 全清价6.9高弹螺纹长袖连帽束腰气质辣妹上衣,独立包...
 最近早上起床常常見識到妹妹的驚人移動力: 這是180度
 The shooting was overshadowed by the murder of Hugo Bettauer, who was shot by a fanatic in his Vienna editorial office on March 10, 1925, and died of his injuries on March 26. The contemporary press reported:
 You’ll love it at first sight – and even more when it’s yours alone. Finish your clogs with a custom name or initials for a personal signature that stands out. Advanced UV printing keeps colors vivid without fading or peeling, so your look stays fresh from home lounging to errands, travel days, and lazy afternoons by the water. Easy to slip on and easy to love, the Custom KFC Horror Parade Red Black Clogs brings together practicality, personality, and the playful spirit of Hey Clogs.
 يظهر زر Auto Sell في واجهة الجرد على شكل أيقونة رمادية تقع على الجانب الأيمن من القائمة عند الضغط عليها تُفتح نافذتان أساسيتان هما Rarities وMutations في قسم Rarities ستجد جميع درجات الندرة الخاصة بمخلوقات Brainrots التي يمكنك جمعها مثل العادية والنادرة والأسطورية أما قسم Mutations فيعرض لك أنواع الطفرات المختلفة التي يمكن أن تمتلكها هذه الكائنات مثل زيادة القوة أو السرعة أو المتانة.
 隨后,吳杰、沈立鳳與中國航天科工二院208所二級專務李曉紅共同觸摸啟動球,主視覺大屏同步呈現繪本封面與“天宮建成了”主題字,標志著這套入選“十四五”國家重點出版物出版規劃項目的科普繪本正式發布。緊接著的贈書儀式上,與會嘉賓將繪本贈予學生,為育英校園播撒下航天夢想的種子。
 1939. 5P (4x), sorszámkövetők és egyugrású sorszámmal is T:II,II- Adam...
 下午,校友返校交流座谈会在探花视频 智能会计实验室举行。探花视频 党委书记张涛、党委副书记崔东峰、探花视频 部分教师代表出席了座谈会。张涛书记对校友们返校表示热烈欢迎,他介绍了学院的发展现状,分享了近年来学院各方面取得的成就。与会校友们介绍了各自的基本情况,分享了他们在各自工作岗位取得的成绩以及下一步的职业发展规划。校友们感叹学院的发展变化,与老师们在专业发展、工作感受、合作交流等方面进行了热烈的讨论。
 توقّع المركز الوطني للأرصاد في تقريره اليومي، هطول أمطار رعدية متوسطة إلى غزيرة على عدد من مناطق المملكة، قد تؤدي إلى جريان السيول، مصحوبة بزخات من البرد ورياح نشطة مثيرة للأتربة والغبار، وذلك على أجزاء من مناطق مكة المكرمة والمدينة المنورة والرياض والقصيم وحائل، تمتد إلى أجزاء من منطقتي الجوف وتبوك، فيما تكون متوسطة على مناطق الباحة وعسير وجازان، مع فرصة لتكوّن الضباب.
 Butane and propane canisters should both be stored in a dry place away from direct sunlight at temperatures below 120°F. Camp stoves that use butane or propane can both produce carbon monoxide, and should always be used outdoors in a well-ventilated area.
-.-.-
== EXERCISE DIRECTIONS ==
Lines holding "from" in the material above: report their number and nothing else.

== SOLUTION FOR THIS EXERCISE ==
2